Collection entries
------------
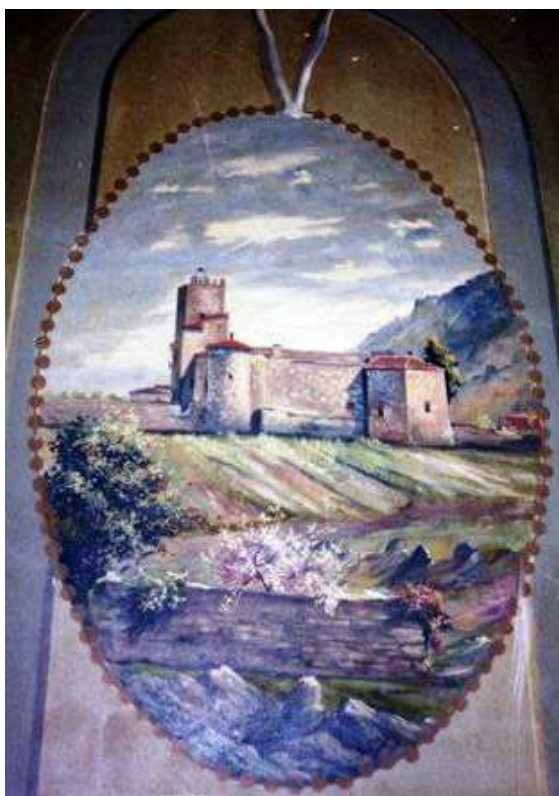
Pintura del Palacio en zaguán de casa en c/ Real, 1
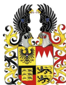
Verein für Genealogie in Nordwürttemberg e.V. © 4. Dezember 2023.
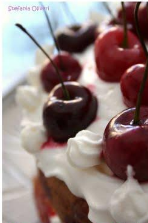
Chiffon cake con ciliegie
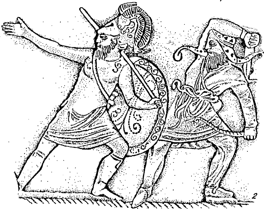
Рис. 3. 1 — фрагмент сцени бою на гориті з Солохи; 2 — фрагмент сцени бою на оббивках піхов меча з Чортomla.

обхідно відзначити, що художник утрирував обличчя старих скіфів. Вони нагадують сатирів з кирпатими носами і товстими губами. Тоді як майже всі інші зображення номадів позначені реалістичними, навіть ідсалізованими рисами. Усі воїни, за винятком одного, вдягнуті у традиційні довгі з трикутними звисаючими полами каптани та просторі широкі штани, оздоблені орнаментами у вигляді хрестиків та кілець. Постаті діючих осіб показані в динамічних позах, які справляють враження єдиного ритму рухів та емоційності, що, крім того підсилюється жорстокою битвою тварин на верхньому ярусі горита.
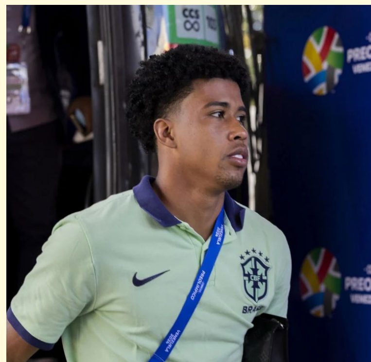
Seleção volta a campo na próxima sexta-feira (26), contra a Colômbia

Quem lidera o Grupo A do Pré-Olímpico é o Equador, que venceu a Colômbia por 3 a 0. Com o resultado, o Brasil fechou a primeira rodada na segunda posição por conta do saldo de gols.
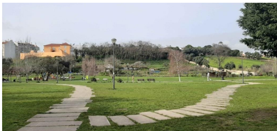
Figura 10. Paisagem “consumível” - Parque Quinta da Granja. Lisboa

Se a oferta em massa de hortas tematizadas em forma de “parques percorriáveis” ajuda a construir um irresistível apelo de urbe-ecológica, é importante observar também que ela transforma essas mesmas hortas e parques em “bens de consumo em construção” (Ginn; Ascensão, 2018). Para turistas, os parques passam a ser mercadorias exploráveis, em crescentes ofertas de excursões a pé ou de bicicleta, uma das quais eu mesma fui consumidora 10 . Para moradores, especialmente de uma classe média ambientalista (Ginn; Ascensão, 2018), os lotes passam a ser mercadorias adquiríveis, divulgadas em sedutores anúncios da Câmara Municipal de Lisboa nas redes sociais – “Sempre quis ter uma horta em Lisboa? Saiba que estão abertas (...) as candidaturas a hortas urbanas” (CML, 2017). (Figura 10)
------------
Your task is to copy each line of the data above that holds "Colômbia".

Seleção volta a campo na próxima sexta-feira (26), contra a Colômbia
Quem lidera o Grupo A do Pré-Olímpico é o Equador, que venceu a Colômbia por 3 a 0. Com o resultado, o Brasil fechou a primeira rodada na segunda posição por conta do saldo de gols.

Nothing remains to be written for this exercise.